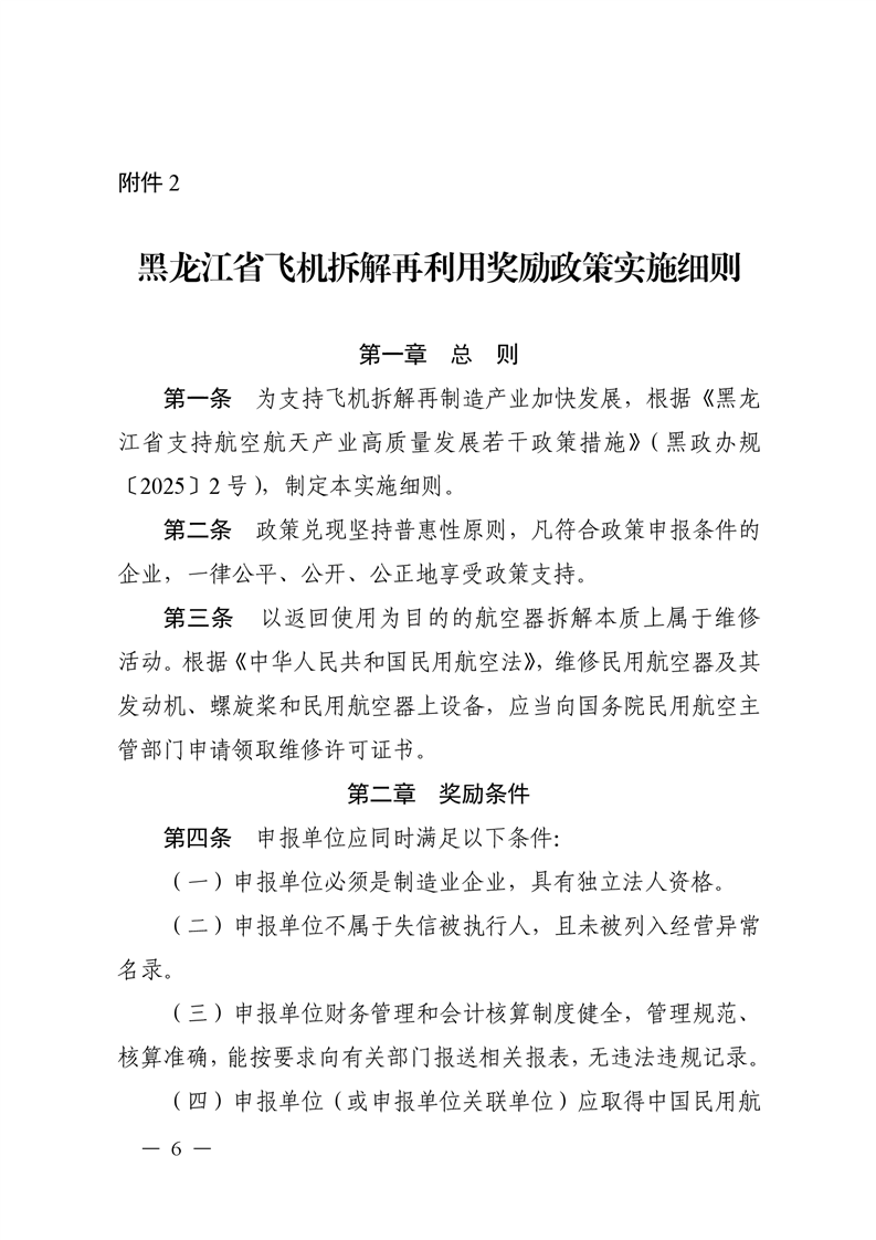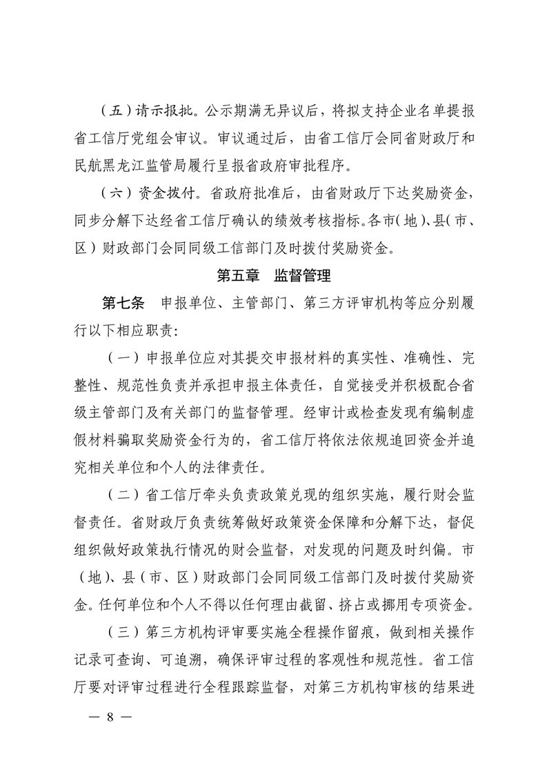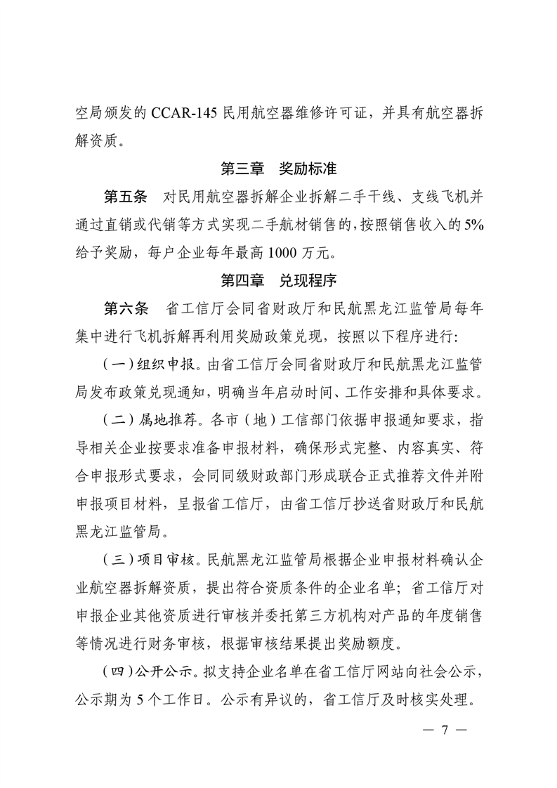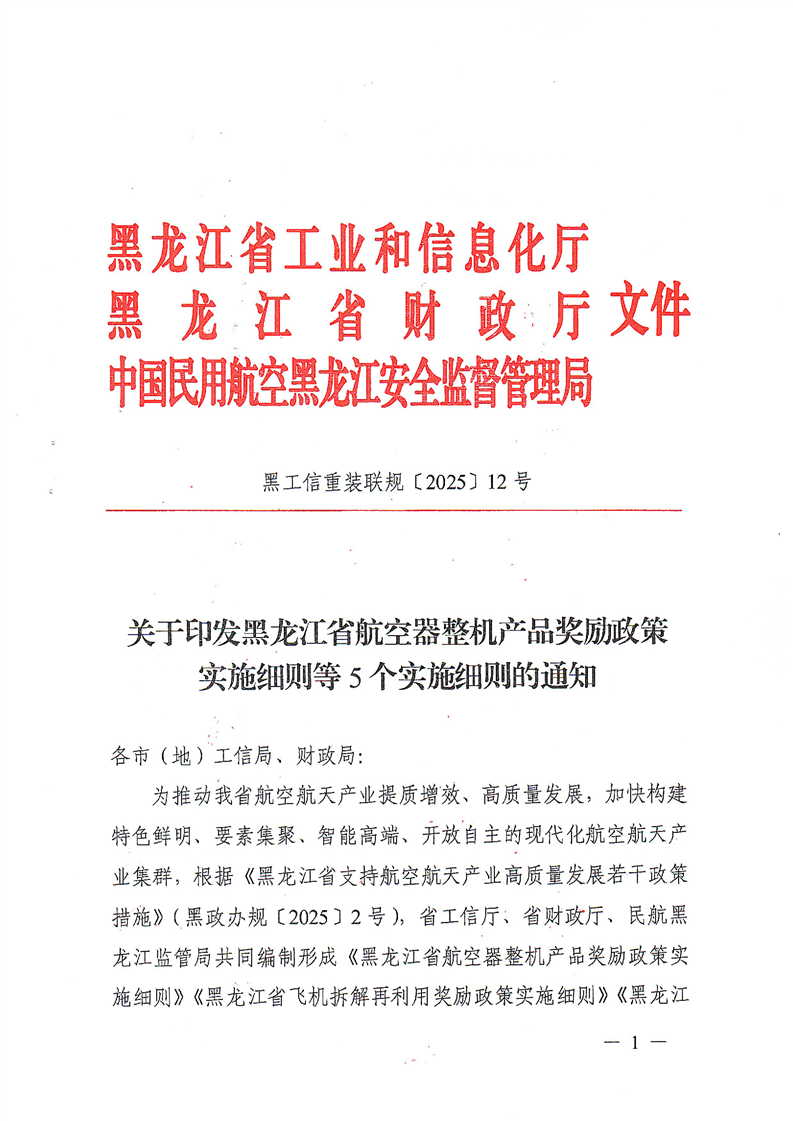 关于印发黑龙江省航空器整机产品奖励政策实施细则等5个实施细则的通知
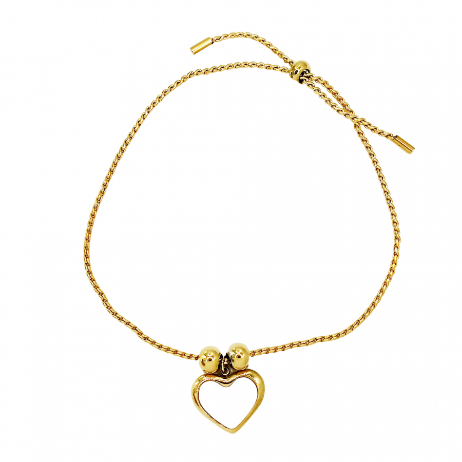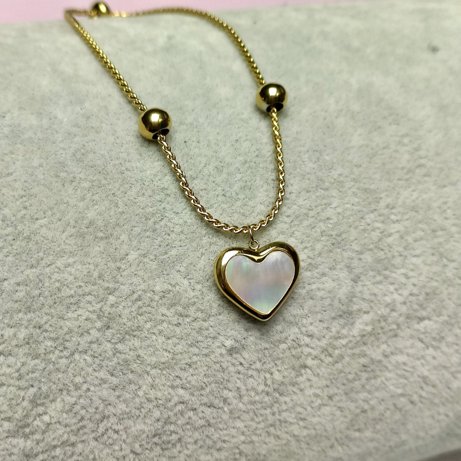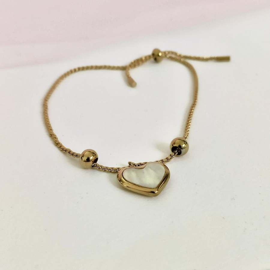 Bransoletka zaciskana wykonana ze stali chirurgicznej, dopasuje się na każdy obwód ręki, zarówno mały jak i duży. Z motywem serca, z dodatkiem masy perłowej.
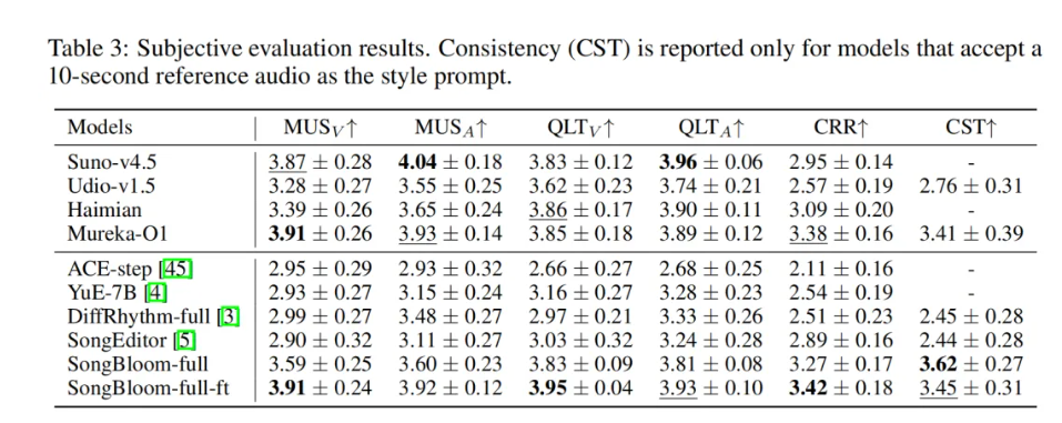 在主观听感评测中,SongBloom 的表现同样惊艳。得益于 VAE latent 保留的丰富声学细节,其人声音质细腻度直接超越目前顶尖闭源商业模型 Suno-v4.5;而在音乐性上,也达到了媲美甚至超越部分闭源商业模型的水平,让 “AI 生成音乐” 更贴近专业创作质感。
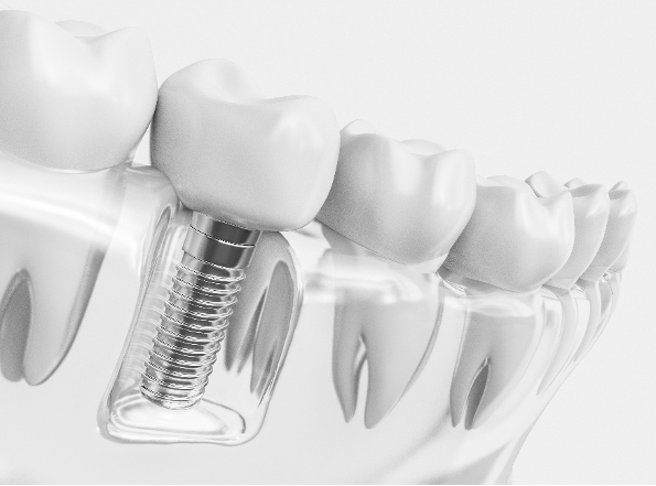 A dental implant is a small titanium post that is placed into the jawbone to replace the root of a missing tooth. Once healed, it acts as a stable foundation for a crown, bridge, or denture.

##############################

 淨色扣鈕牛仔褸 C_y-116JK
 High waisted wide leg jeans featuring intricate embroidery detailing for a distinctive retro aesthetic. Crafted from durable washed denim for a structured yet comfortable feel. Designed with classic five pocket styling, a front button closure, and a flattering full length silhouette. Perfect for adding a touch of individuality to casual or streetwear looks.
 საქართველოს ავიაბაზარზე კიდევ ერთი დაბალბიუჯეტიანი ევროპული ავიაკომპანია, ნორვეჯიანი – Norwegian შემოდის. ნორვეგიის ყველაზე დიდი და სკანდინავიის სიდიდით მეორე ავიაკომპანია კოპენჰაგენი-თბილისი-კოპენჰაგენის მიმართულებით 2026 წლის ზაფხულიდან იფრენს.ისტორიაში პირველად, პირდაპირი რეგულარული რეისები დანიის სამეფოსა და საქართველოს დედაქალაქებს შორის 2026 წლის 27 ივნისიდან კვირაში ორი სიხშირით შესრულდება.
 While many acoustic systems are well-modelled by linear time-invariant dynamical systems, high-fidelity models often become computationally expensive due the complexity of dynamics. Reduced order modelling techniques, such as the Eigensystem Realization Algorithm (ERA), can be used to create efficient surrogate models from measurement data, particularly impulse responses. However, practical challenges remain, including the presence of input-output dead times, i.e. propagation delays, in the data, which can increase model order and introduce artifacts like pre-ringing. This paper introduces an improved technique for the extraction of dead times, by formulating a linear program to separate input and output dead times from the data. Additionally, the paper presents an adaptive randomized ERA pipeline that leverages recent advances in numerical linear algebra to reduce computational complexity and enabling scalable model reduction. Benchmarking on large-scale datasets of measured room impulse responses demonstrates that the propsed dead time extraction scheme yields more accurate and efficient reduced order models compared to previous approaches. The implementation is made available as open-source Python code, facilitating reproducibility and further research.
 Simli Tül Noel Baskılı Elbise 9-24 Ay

##############################

__TASK DESCRIPTION__
State the count of lines above containing the string "from", and add nothing to it.

__RESULT FOR THIS TASK__
2